RECORDS FOR THE TASK =>
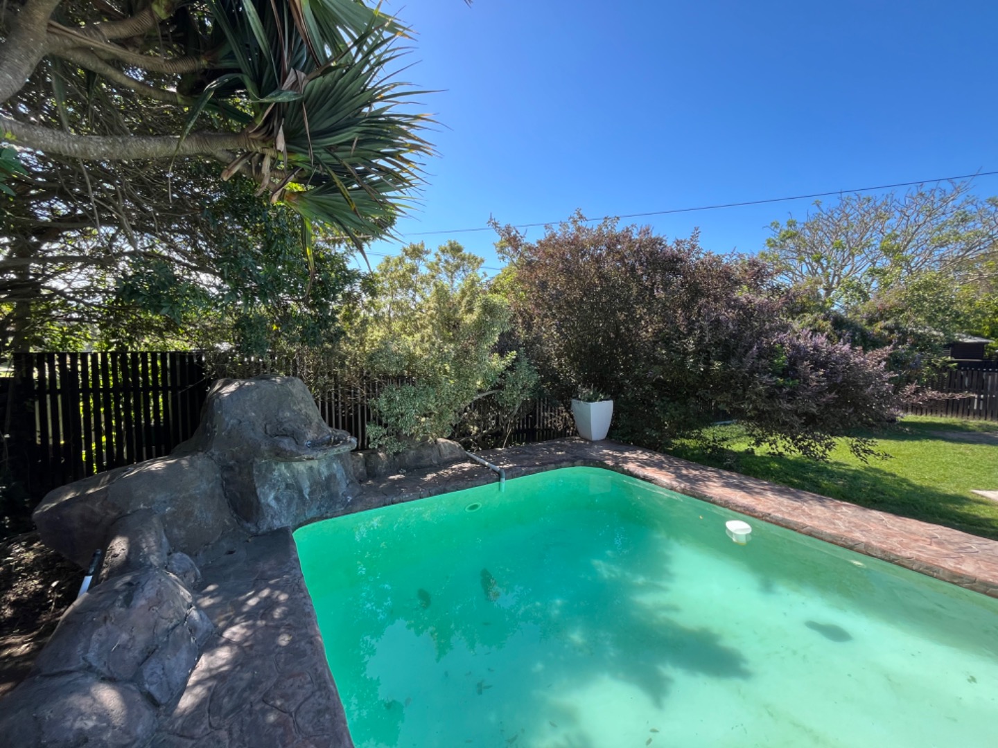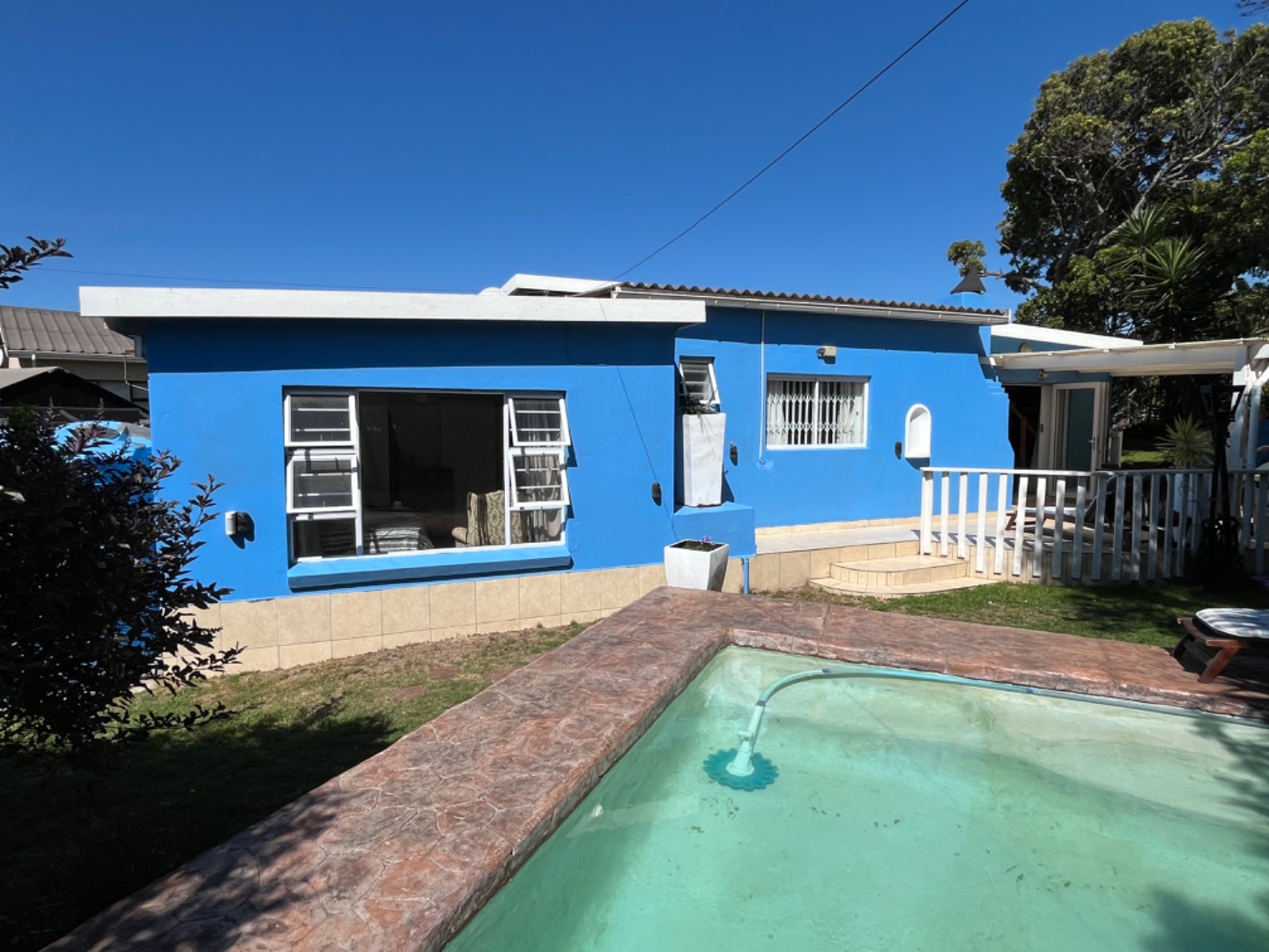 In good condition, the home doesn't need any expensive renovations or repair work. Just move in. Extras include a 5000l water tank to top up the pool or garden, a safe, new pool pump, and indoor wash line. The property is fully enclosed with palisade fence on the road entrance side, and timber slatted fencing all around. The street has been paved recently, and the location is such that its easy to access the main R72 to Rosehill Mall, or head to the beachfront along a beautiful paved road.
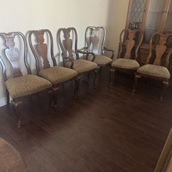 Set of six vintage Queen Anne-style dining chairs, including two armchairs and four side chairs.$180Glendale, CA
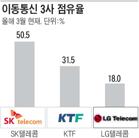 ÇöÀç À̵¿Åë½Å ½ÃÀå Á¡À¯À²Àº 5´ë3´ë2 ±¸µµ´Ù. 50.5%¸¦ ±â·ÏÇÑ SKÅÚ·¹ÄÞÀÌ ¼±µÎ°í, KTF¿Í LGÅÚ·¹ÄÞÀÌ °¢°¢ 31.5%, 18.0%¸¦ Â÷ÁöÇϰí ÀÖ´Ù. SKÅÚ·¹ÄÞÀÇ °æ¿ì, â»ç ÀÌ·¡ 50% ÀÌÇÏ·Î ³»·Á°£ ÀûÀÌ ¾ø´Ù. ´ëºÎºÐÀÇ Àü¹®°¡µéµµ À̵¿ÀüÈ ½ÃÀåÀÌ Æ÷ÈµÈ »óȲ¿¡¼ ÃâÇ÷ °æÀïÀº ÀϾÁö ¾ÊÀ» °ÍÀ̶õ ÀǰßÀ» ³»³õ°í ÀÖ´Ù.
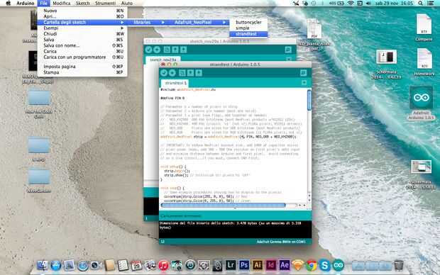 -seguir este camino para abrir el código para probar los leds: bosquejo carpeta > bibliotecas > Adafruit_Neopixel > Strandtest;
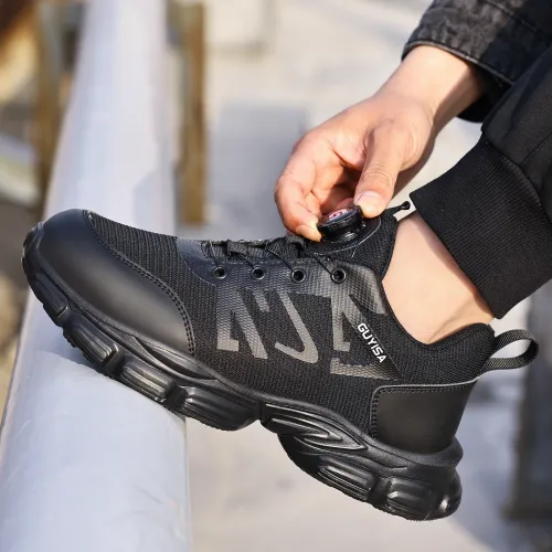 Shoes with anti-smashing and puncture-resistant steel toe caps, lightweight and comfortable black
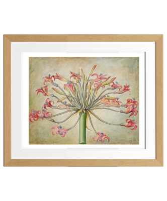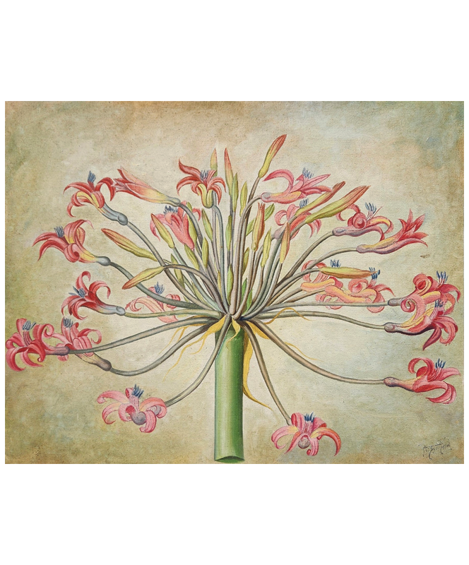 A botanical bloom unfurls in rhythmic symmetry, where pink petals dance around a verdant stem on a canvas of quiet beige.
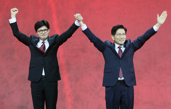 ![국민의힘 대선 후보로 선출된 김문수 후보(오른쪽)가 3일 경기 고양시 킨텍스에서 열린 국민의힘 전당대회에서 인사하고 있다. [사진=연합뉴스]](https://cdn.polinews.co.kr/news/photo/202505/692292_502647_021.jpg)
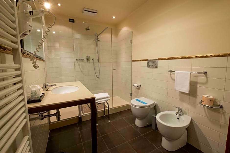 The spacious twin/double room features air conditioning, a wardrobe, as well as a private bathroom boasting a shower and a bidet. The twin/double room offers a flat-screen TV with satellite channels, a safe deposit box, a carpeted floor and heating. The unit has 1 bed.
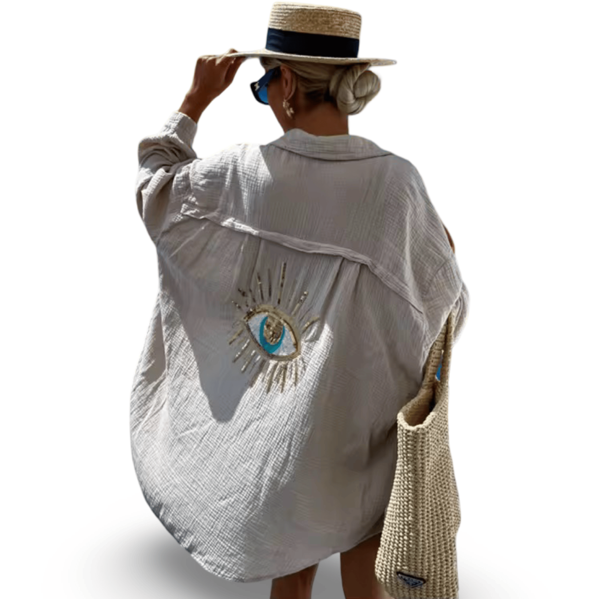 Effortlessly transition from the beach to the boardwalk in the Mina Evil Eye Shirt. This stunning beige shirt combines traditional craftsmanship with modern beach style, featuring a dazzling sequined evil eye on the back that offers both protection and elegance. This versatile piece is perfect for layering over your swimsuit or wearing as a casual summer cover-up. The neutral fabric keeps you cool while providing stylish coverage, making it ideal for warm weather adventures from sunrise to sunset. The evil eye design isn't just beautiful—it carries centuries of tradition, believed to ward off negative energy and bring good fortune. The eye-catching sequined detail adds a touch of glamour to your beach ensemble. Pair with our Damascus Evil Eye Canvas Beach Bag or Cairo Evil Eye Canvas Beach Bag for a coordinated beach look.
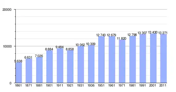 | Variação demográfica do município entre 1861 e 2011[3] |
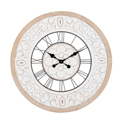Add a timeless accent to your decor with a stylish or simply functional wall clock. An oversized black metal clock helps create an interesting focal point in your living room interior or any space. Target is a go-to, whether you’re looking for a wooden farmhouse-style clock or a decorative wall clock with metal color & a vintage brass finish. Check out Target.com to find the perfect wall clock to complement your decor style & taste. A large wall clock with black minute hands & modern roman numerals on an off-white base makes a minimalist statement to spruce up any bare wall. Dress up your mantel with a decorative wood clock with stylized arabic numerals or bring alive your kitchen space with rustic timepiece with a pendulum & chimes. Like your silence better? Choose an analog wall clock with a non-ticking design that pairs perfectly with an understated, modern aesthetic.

INSTRUCTIONS FOR THE TASK => When you copy the data, keep every line exact and drop the pictures.

RESPONSE TO THIS EXERCISE =>
 In good condition, the home doesn't need any expensive renovations or repair work. Just move in. Extras include a 5000l water tank to top up the pool or garden, a safe, new pool pump, and indoor wash line. The property is fully enclosed with palisade fence on the road entrance side, and timber slatted fencing all around. The street has been paved recently, and the location is such that its easy to access the main R72 to Rosehill Mall, or head to the beachfront along a beautiful paved road.
 Set of six vintage Queen Anne-style dining chairs, including two armchairs and four side chairs.$180Glendale, CA
 ÇöÀç À̵¿Åë½Å ½ÃÀå Á¡À¯À²Àº 5´ë3´ë2 ±¸µµ´Ù. 50.5%¸¦ ±â·ÏÇÑ SKÅÚ·¹ÄÞÀÌ ¼±µÎ°í, KTF¿Í LGÅÚ·¹ÄÞÀÌ °¢°¢ 31.5%, 18.0%¸¦ Â÷ÁöÇϰí ÀÖ´Ù. SKÅÚ·¹ÄÞÀÇ °æ¿ì, â»ç ÀÌ·¡ 50% ÀÌÇÏ·Î ³»·Á°£ ÀûÀÌ ¾ø´Ù. ´ëºÎºÐÀÇ Àü¹®°¡µéµµ À̵¿ÀüÈ ½ÃÀåÀÌ Æ÷ÈµÈ »óȲ¿¡¼ ÃâÇ÷ °æÀïÀº ÀϾÁö ¾ÊÀ» °ÍÀ̶õ ÀǰßÀ» ³»³õ°í ÀÖ´Ù.
 -seguir este camino para abrir el código para probar los leds: bosquejo carpeta > bibliotecas > Adafruit_Neopixel > Strandtest;
 Shoes with anti-smashing and puncture-resistant steel toe caps, lightweight and comfortable black
 A botanical bloom unfurls in rhythmic symmetry, where pink petals dance around a verdant stem on a canvas of quiet beige.
 ![국민의힘 대선 후보로 선출된 김문수 후보(오른쪽)가 3일 경기 고양시 킨텍스에서 열린 국민의힘 전당대회에서 인사하고 있다. [사진=연합뉴스]](https://cdn.polinews.co.kr/news/photo/202505/692292_502647_021.jpg)
 The spacious twin/double room features air conditioning, a wardrobe, as well as a private bathroom boasting a shower and a bidet. The twin/double room offers a flat-screen TV with satellite channels, a safe deposit box, a carpeted floor and heating. The unit has 1 bed.
 Effortlessly transition from the beach to the boardwalk in the Mina Evil Eye Shirt. This stunning beige shirt combines traditional craftsmanship with modern beach style, featuring a dazzling sequined evil eye on the back that offers both protection and elegance. This versatile piece is perfect for layering over your swimsuit or wearing as a casual summer cover-up. The neutral fabric keeps you cool while providing stylish coverage, making it ideal for warm weather adventures from sunrise to sunset. The evil eye design isn't just beautiful—it carries centuries of tradition, believed to ward off negative energy and bring good fortune. The eye-catching sequined detail adds a touch of glamour to your beach ensemble. Pair with our Damascus Evil Eye Canvas Beach Bag or Cairo Evil Eye Canvas Beach Bag for a coordinated beach look.
 | Variação demográfica do município entre 1861 e 2011[3] |
Add a timeless accent to your decor with a stylish or simply functional wall clock. An oversized black metal clock helps create an interesting focal point in your living room interior or any space. Target is a go-to, whether you’re looking for a wooden farmhouse-style clock or a decorative wall clock with metal color & a vintage brass finish. Check out Target.com to find the perfect wall clock to complement your decor style & taste. A large wall clock with black minute hands & modern roman numerals on an off-white base makes a minimalist statement to spruce up any bare wall. Dress up your mantel with a decorative wood clock with stylized arabic numerals or bring alive your kitchen space with rustic timepiece with a pendulum & chimes. Like your silence better? Choose an analog wall clock with a non-ticking design that pairs perfectly with an understated, modern aesthetic.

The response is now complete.